Big Names in a Paper World

I was told I would soon be introduced to a man named Bob Schreck, who everyone talked about with a level of reverence. I knew in that case that he was an important name in comics, but as I wasn’t sure in what capacity, I chatted amiably with him after the screening and the next evening at dinner. Bob was a fascinating individual; I was always struck by the sly twinkle perpetually in his eyes. It doesn’t take long before you begin to realize that his experience in the comics industry goes back a long time and that he’s full of all kinds of insider stories.
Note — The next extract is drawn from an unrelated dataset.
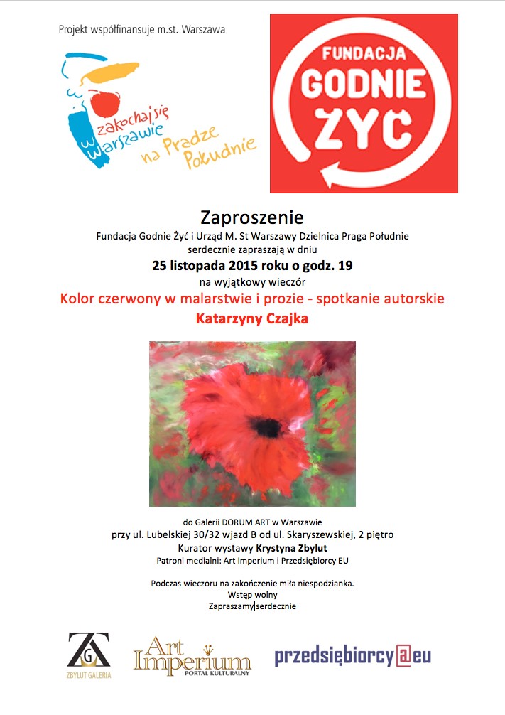 Nasza klubowiczka zaprasiła nas na spotkanie autorskie poświęcone kolorowi, który w jej obrazach zdecydowanie dominuje. Odbyło się ono w prowadzonej przez nią galerii DORUM ART, miejscu naprawdę niezwykłym... (patronat magazynu przedsiębiorcy@eu).

It was soon clear enough that he and Matt Wagner have known each other for years and they enjoy each other’s company, and Bob is quick to praise Matt’s cooking abilities. During our very filling German dinner we made it a point to sit with them at the end of the table and bask in the jokes and laughter that inevitably results when these two see each other.

My ignorance of Bob’s background kept me from getting intimidated by his resume: as DC’s Batman editor and the former Dark Horse editor who edited Frank Miller’s Sin City, quite a few people would like to get the chance to spend time with this unassuming gentleman. Not least of which a boy I dated during college who absorbed Batman comics like they were made of his favorite candy. I told Bob and Matt, who has also worked on numerous Batman titles as an artist, that the ex-boyfriend used to complain that there were too many titles to keep up with the storylines.

“Here’s the secret,” Matt grinned. “Only read the ones you like.”

“Right,” agreed Bob. “Batman’s not real.”

True, as unreal as Batman may be he’s still makes for terrific reading, and many comics artists would love to be working on the stories that Matt and Bob so enjoy being a part of. But we talked only sporadically of comics. Much of our last day together was spent reminiscing, telling inside stories about Frank Miller and eagerly talking about HBO’s Deadwood. Though I had to spend most of their day judging the animation competition, I did manage to catch the tail end of their presentation. As Bob sat comfortably at the presentor’s table fielding the usual questions, Matt took a sharpie and drew out simple comics pages made from random plot ideas submitted by the audience. Who knew two comics hotshots could be so down-to-earth and downright fun to be around.